If you are not sure how HTTP headers work, take a look at these MDN Docs.
You could store any kind of data you want in a cookie. If you use your browser Developer Tools to inspect cookies for some of the websites you use, you will notice that cookies are just a big string of gibberish. Nothing fancy about them.
Usually, you use cookies when you want your server to "remember" some piece of data about a particular user. In most cases, it would be something like a user ID if they are logged in somewhere. Browsers give you 4kb of data that you can store inside a cookie, so that should be plenty for most simple applications. And you should not store complex data in a cookie anyway.
Other examples of data that you can store inside a cookie would be: the location of a user inside a website, shopping cart information, etc...
Imagine you are logging in to a web server somewhere in the world. You type in your username and password and send a request to the server.
The server then checks that you are logging in with the correct username and password and then sends you back a response with a cookie (using the Set-Cookie
header).
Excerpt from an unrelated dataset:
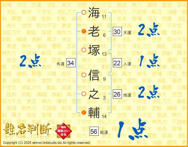 海(11画)老(6画)塚(13画) 信(9画)之(3画)輔(14画)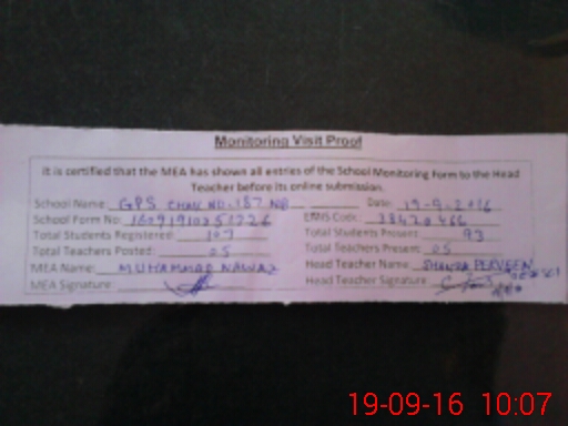 | Certified that this School was Inspected by the Undersigned MEA/DMO Today and the Information Stated Above is as Per Record. | |||||

That cookie contains some piece of data that identifies you as the logged-in user. For every subsequent request that you make to that web-server, your browser will take care of sending the cookie back to the server.
Now, if you ask something from the server that requires authentication (a list of posts, your user information, credit card data, etc...) then the server will check your request for a Cookie header.
The cookie is now acting as a unique identifier for you. Much better than typing passwords every time you make a request. Without cookies, the server would always consider you a first-time visitor.
The use case of cookies we've just discussed (user authentication) is already a kind of "session", but typically it has some more layers of abstraction.
Building on the user authentication example, we decide that we want to remember more information about our users in between requests, but we don't want that data to be readable or editable on the client-side (in other words, we don't want to send a cookie with all that data to our user's browser).
The solution would be to store that piece of data server-side and give it an id and pass that id to the client inside a cookie. That's it. Now you have sessions implemented.
Of course, this is a rather simplistic explanation. Not all sessions are implemented the same way. For instance, not all sessions need to be implemented server-side. If you check the Ruby on Rails documentation about sessions you will notice that there are 4 ways that you could choose to store your session data. The default one is by using CookieStore
, which stores all data on the client.
This is how you would have access to the session
hash:
session[:current_user_id] = user.id
Sessions could also be stored in databases or in a cache such as Redis. Which one you choose depends upon your application size, complexity, and requirements.